Troubleshooting Steps

Make sure both power supplies are receiving power. Check the power outlet to make sure it is providing power.
Reset the power supply and reboot the device.
If the issue persists, contact Meraki support for further troubleshooting steps.

Redundant Power System Down

Triggers

If the redundant power system is connected but offline or powered off.

Troubleshooting Steps

Make sure the redundant power supply is receiving power. Check the power outlet to make sure it is providing power.
Reset the connection between the redundant power supply and the switch. Reboot the switch.
If the issue persists, contact Meraki support for further troubleshooting steps.

Switch Using Backup Power

Triggers

When the switch is not using the connected redundant power supply.

Troubleshooting Steps

Make sure the redundant power supply is receiving power. Check the power outlet to make sure it is providing power.
Reset the connection between the redundant power supply and the switch. Reboot the switch.
If the issue persists, contact Meraki support for further troubleshooting steps.

Fan Failure

Triggers

If one or more fans are connected but not functioning properly.

Troubleshooting Steps

MS250 and below models typically operate without a fan. However, if the switch supports PoE, it may have an internal, non-replaceable fan. MS350 and above models have Hot Swappable fans.
Ensure the fan's ventilation is not obstructed
For models that support Hot Swappable fans -
- Check if the Fan LED light on the switch shows an orange light. An orange light means there is a problem with the fan operation
- Try reseating the fan to ensure it is properly connected.
- If reseating does not resolve the issue, insert the fan into a different slot within the same switch. This helps determine if the problem lies with the fan itself or the original slot.
Attempt to reboot or factory reset the switch.
If all previous steps fail, please contact Meraki Support for further assistance

STP Topology Changes

Triggers

STP change alerts are created whenever a high or very high rate of STP topology change notifications (TCNs) are detected or received on a switch port. TCNs are triggered when a switch detects changes in the topology.

Troubleshooting Steps

Historical STP topology changes can be found on the port connectivity bar.

High Rate of STP Topology Changes Alert

It is important to know that a Cisco Meraki switch port alerts for STP topology change only when it receives TCN BPDUs.

Some of the common root causes of STP topology changes are as follows:

Port flaps between 2 switches. It can happen if the cable is faulty.
Delay in sending or receiving BPDUs due to high CPU usage or packet loss.
STP BPDU conflicts when multiple BPDUs are received within a small window that identifies different sending ports.

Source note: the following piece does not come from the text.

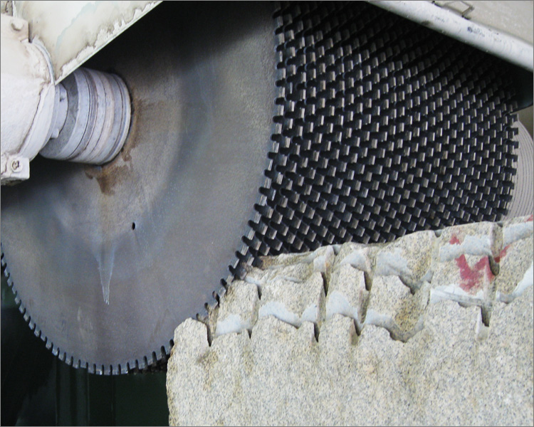 on multi-cutter machine for sawing granite block to slabs or strips,
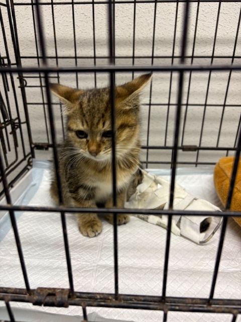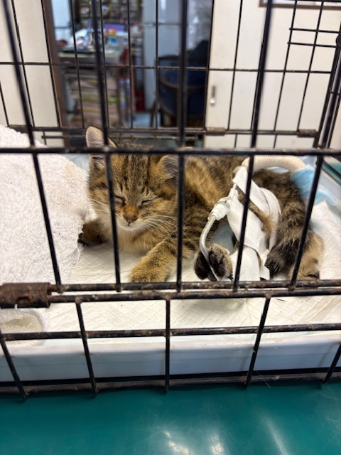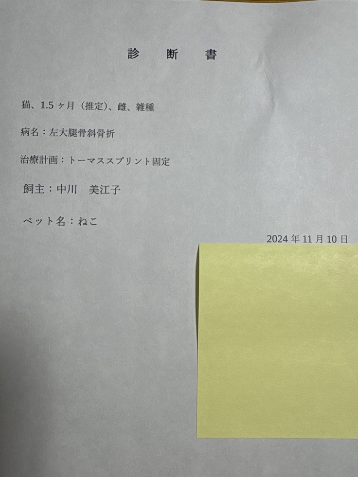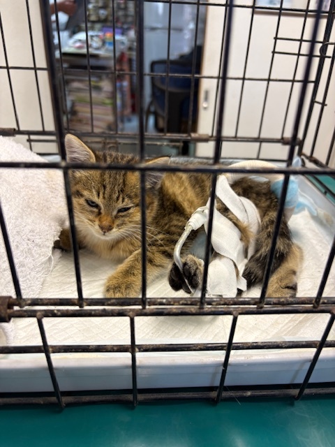 子猫は翌日の検査で大腿骨骨折、血尿、眼の炎症と分かりました。

This section mentions only a few events as the root cause of the topology change notification, but there can be other root causes. Please work with Cisco Meraki support if you cannot determine the root cause.

CRC Errors Detected

Learn more with this free online training course on the Meraki Learning Hub:

Troubleshooting Switch Endpoint Connectivity

Sign in with your Cisco SSO or create a free account to start training.

Triggers

There are 2 types of CRC errors:

High CRC errors: A port is sending or receiving a high amount (greater than 100 hits/hour or greater than 1% of traffic) of CRC align errors.
Very high CRC errors: A port is sending or receiving a high amount (greater than 1000 hits/hour or greater than 10% of traffic) of CRC align errors.

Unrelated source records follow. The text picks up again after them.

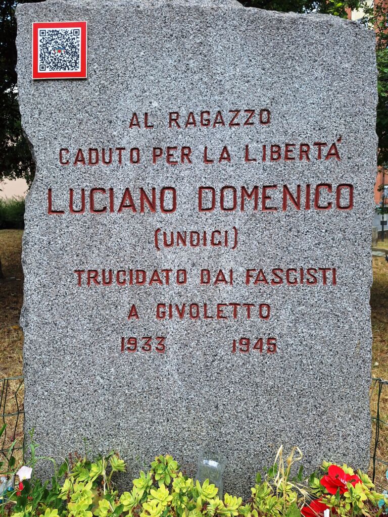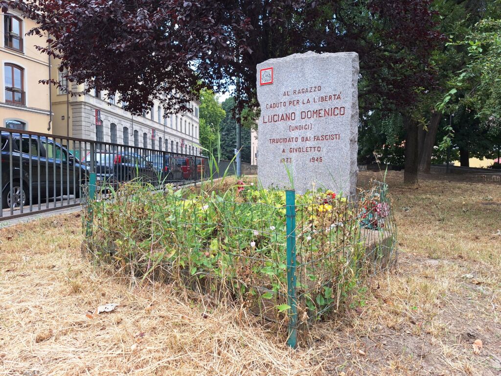 - Domenico Luciano nacque a Torino l’8 Dicembre 1933. Risiedette a Torino in via Exilles,82 e fu allievo della scuola Emanuele Filiberto duca d'Aosta. Durante la guerra di Liberazione suo padre e suo fratello furono partigiani e anche lui partecipò alla Resistenza come staffetta partigiana nella 2^ Divisione Garibaldi dal 7 settembre 1944 con il nome di battaglia “Undici” per la sua giovane età. Il 23 febbraio 1945 fu sorpreso, con il suo gruppo di partigiani, dai repubblichini in un cascinale nelle campagne di Givoletto. Iniziò un lungo conflitto a fuoco che durò sino a che i partigiani non ebbero finito le munizioni. Quindi fu deciso di far uscire il ragazzo e di fargli sventolare una bandiera bianca in segno di resa. Il ragazzo si tolse la maglietta bianca per agitarla ma fu raggiunto da una raffica di mitra e ucciso. Al giovane “Undici” sono dedicati anche i giardinetti ove è posto il cippo.
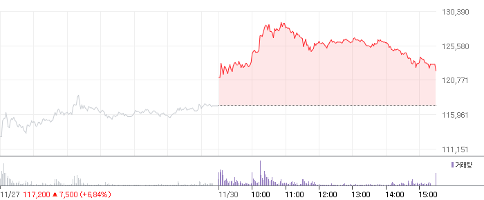 <신라젠 2020.11.30 기준(장마감) 기준 당일 주식 차트>
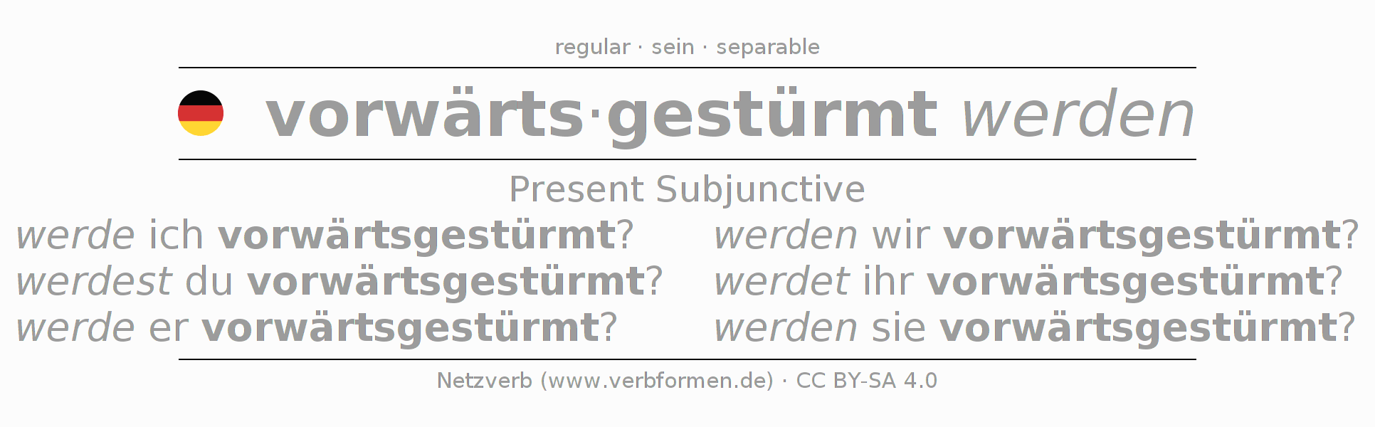 The conjugation of vorwärtsstürmen in Subjunctive Present Form of possibility Passive is werde ich vorwärtsgestürmt?, werdest du vorwärtsgestürmt?, werde er vorwärtsgestürmt?, werden wir vorwärtsgestürmt?, werdet ihr vorwärtsgestürmt?, werden sie vorwärtsgestürmt?.The conjugation corresponds to certain grammatical rules. Likewise the requirements for the conjugation of the simple verb forms of vorwärtsstürmen in Present Subjunctive. Comments ☆

Guided Troubleshooting Flow

This feature is designed to reduce troubleshooting effort, make issue resolution more intuitive, and save more time for our customers. Guided CRC troubleshooting flow automates and outlines suggested action items (refer to flow diagram and the short video below) to be performed to resolve CRC error alerts. This tool is designed to help network administrators efficiently and effectively identify the root cause of the CRC error on switch ports and resolve it.

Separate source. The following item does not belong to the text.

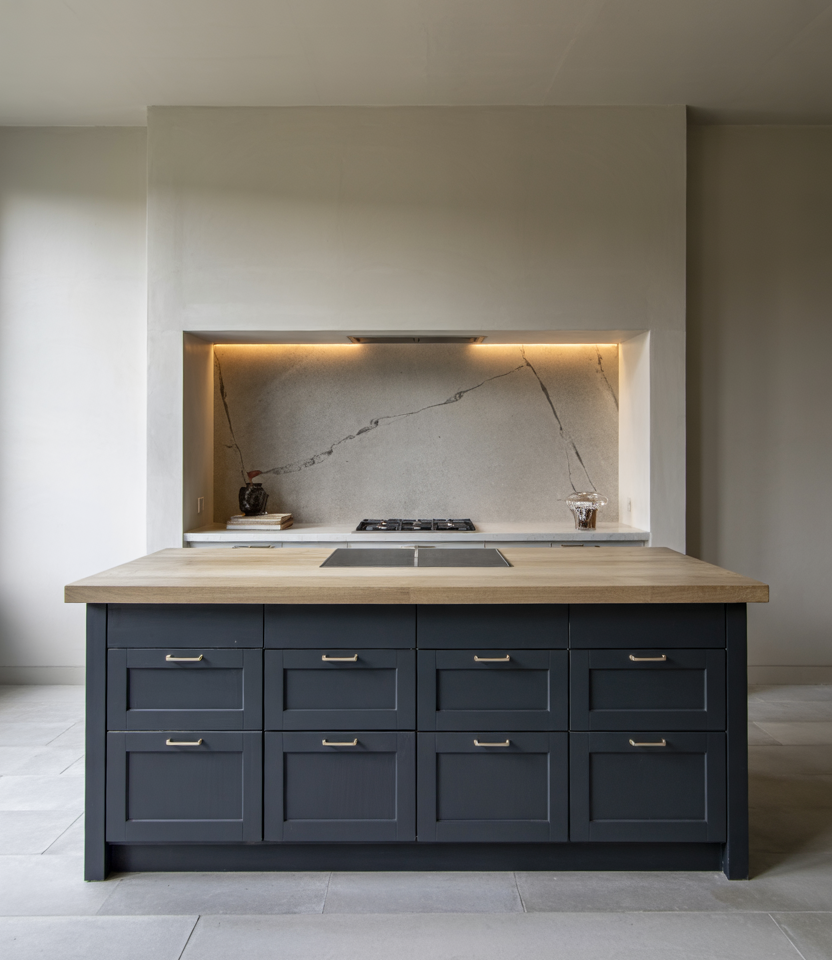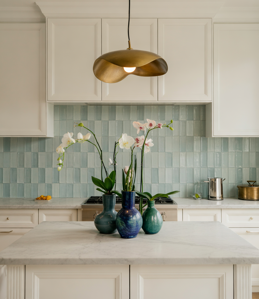 Even small kitchens can host an island when designed with care. Incorporating small space planning, a hint of luxury finish, and accents inspired by design ideas creates a centerpiece that feels intentional. A splash of blue or stone adds elegance without overwhelming proportions. American lifestyle context: compact islands are especially popular in condos where entertaining and cooking overlap, serving as both prep hub and social perch.
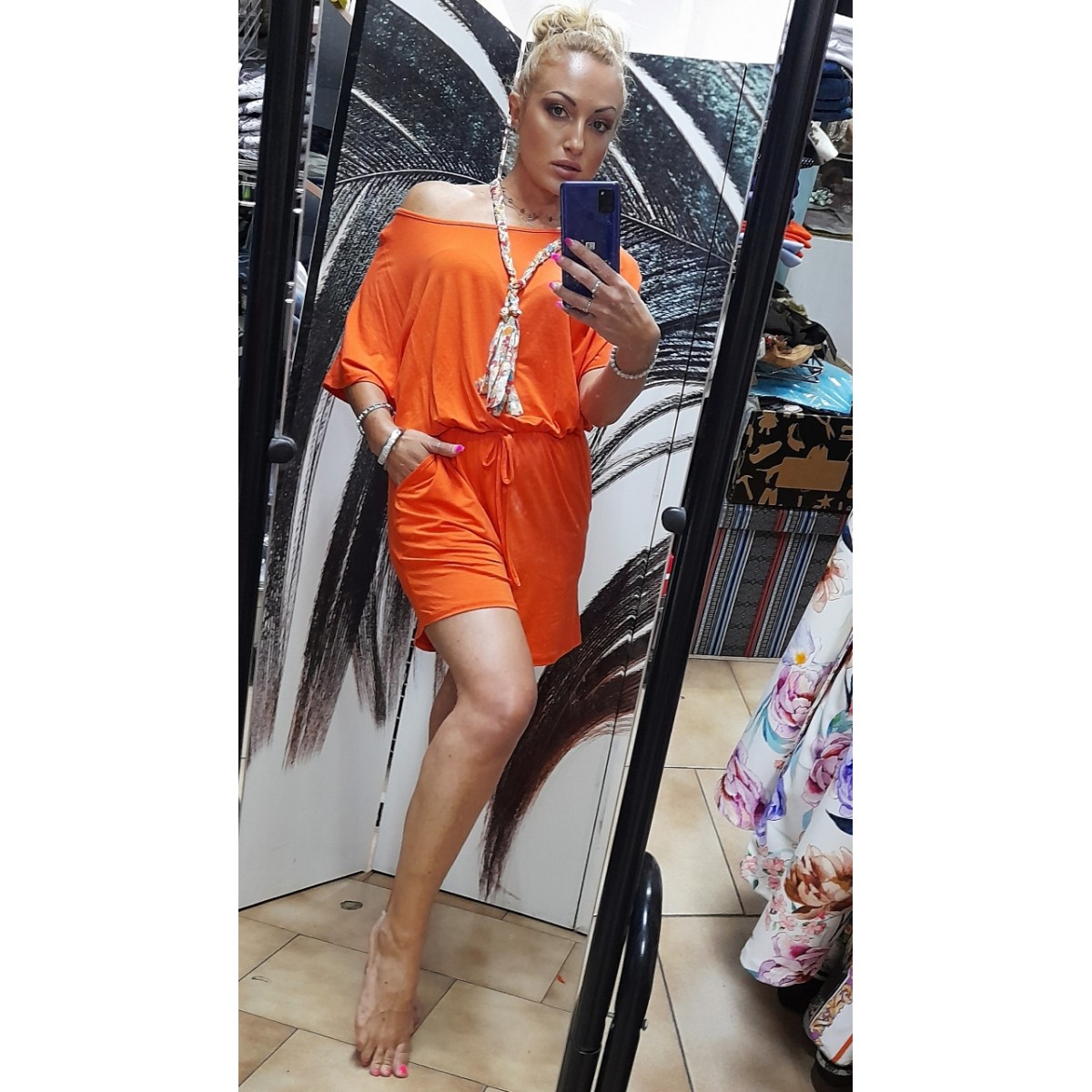 Tutina corta in tessuto morbido con shorts corti, vestibilità morbida, scollo ampio, maniche a tre quarti, due tasche laterali, elastico in vita con coulisse. Taglia unica

Configuration Mismatch issue	Cable and other issues

Note:

This feature is in BETA so to report any issues please use the “Give feedback about this alert” located inside the troubleshooting side panel.

Suggested Fix CRC errors

Troubleshooting Steps

Verify there is no duplex configuration mismatch between two neighboring ports.
Run cable test to verify the cable is healthy or not.
Verify the switch port is healthy by connecting the end device with the same cable to a known working port. If the issue does not persist then the original switch port is possibly faulty, please contact Meraki support, if persists, move to the next troubleshooting step.
Verify the end device is healthy by connecting it to the original port using a known working cable bypassing any patch panels. If the issue persists then the end device's NIC card is possibly faulty, if not, move to the next troubleshooting step.
Verify the copper/fiber transceiver is healthy by installing a known working transceiver on the port. If the issue does not persist then the original copper/fiber transceiver is possibly faulty, if the issue persists, move to the next troubleshooting step.
If the issue persists after attempting the above steps, then the patch panel is possibly faulty or there is electromagnetic interference near the cable.

Beacon Miss

Triggers

A beacon is a wireless LAN packet that signals the availability and presence of the wireless device. Clients may disassociate or roam to another AP when they miss eight consecutive beacons.

Troubleshooting Steps

Check AP functionality and wiring.
Check client wifi device operating correctly.
Check client wireless drivers.
Check for environment radio interference.

Unplanned Low Power Mode

Triggers

AP did not negotiate sufficient PoE parameters for full power operation.

Troubleshooting Steps

Check AP PoE needs and switch specs to make sure switch is providing required PoE level.
Check cabling to make sure the AP is not running beyond PoE length standards for the protocol.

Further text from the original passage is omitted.